Cut Me Up‘s founder and editor, Andrea Burgay, commissioned our own Max-o-matic to curate the magazine’s 4th issue. When finished, they crossed emails with questions and answers about the process, CMU’s philosophy and collage as an art form. Here’s the emailed dialogue:
Max-o-matic : Which qualities do you look for when choosing people to co-curate a CMU issue along with you?
Andrea Burgay: In considering potential curators for Cut Me Up, I look for curators and artists that are deeply engaged with collage and have contributed to an ongoing discussion about what collage as an art form can do and what potentials it has that are yet untapped.
An awareness of the history of collage is essential to understanding what possibilities are currently overlooked. I saw Issue 3: Tabula Rasa curator Todd Bartel present his theories on “Uncollage” at Kolaj Fest in 2018. I had just released Cut Me Up Issue 1. His presentation shared such a wide breadth and depth of knowledge about collage, and conveyed such enthusiasm, that I was sure he would be a perfect fit to curate an issue. I had no idea what concept he would propose, but invited him to curate almost immediately after introducing myself.
Involvement with collage naturally leads each curator to have specific perspectives on what might be missing in the current landscape of work being shown and produced, and ask questions in their call that encourage consideration of new points of view: What techniques are frequently unused (or overused)? How can collage processes—erasure, layering, carefully juxtaposing clean-cut images—become metaphors for concepts to be explored? How do the media and materials that are used shape the meaning of a collage work? How can collage address the deeply personal and/or globally meaningful problems of our times?
I’m careful to invite curators who are excited and inspired by the concept of Cut Me Up, and that are open and interested in collaborating throughout the process. The entire commitment for a curator, from pitching their initial call, to seeing the final magazine in print, is about 9 months. Throughout the process I love the seeing what each curator comes up with and helping shape their ideas to the format of Cut Me Up, considering what has seemed most engaging to our audience throughout the past issues.

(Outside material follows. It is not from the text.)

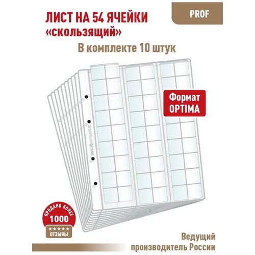 Комплект из 10-ти листов Albommonet "PROFESSIONAL" для хранения монет на 54 ячейки "скользящий". Формат "Optima"

I also ask collaborators to present something personal in their call, relate their ideas to their own work in some way, which often happens naturally. The nature of Cut Me Up asks all involved to offer something personal as raw material, as a source of inspiration, and as a point of connection to others. Just as all the participating artists offer up their artwork for others to cut up and transform, the curators are asked to offer the ideas that most inspire them or their work for others to consider and work through.
Max-o-matic: Why me?
Andrea Burgay: I’m a huge fan of your work and have followed it for quite some time, but what highlighted your potential as a curator is your work on The Weird Show. I’ve followed the blog for years and learned about many amazing contemporary collage artists from around the world. In fact, it might have been one of the first sources I found that presented such a wide array of work all under the umbrella of collage—from artists who work small-scale to sculptors, assemblage and installation artists. I knew from the artists that you chose to exhibit, your questions and your writing, that your view of collage embraced an awareness of materials, scale, and environment, and took issue with some of the more banal work being overproduced and taking up a lot of space in the collage world.
From your previous interview with me about Cut Me Up, I also knew that you appreciated the project and would have an awareness of the possibilities that you could unleash with your issue.
Max-o-matic: Do the approaches proposed by different curators meant having really diverse visual outcomes? Or is there a stronger thing that’s natural to collage that makes the different issues somehow similar in style?
Andrea Burgay: Each issue of Cut Me Up is essentially a curated exhibition in book form, shaped both by the overall concept of the project, and the specific eye and mind of the curator.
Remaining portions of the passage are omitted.